• _What to work on_:
Go to the line holding "На последнем этапе" in the data below and repeat it exactly, then each line after it up to and including the one holding "11月4日,游客在昆明滇池海埂觀景大道觀賞紅嘴鷗。". Omit pictures.

• _Dataset records_:
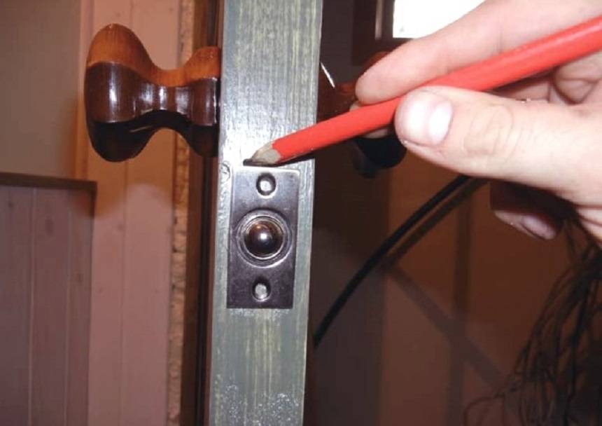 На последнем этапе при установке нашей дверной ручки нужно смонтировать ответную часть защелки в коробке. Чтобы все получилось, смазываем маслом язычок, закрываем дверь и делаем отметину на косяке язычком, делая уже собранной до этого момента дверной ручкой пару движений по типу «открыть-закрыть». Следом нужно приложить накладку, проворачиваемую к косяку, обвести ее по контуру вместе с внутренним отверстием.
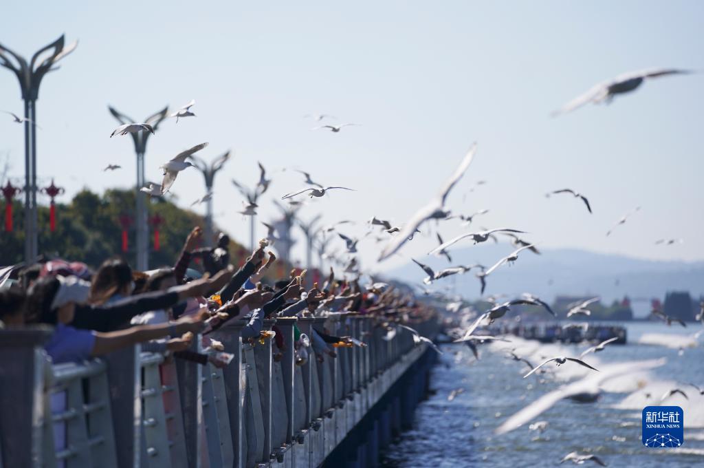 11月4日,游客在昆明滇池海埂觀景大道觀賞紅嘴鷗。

* * *

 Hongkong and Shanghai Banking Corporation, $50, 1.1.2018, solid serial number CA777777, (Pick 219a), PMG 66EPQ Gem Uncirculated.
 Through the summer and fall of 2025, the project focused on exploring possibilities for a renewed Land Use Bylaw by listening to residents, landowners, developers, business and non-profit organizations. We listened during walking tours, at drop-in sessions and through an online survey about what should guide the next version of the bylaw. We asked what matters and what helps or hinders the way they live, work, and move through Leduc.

• _Output for this exercise_:
 На последнем этапе при установке нашей дверной ручки нужно смонтировать ответную часть защелки в коробке. Чтобы все получилось, смазываем маслом язычок, закрываем дверь и делаем отметину на косяке язычком, делая уже собранной до этого момента дверной ручкой пару движений по типу «открыть-закрыть». Следом нужно приложить накладку, проворачиваемую к косяку, обвести ее по контуру вместе с внутренним отверстием.
 11月4日,游客在昆明滇池海埂觀景大道觀賞紅嘴鷗。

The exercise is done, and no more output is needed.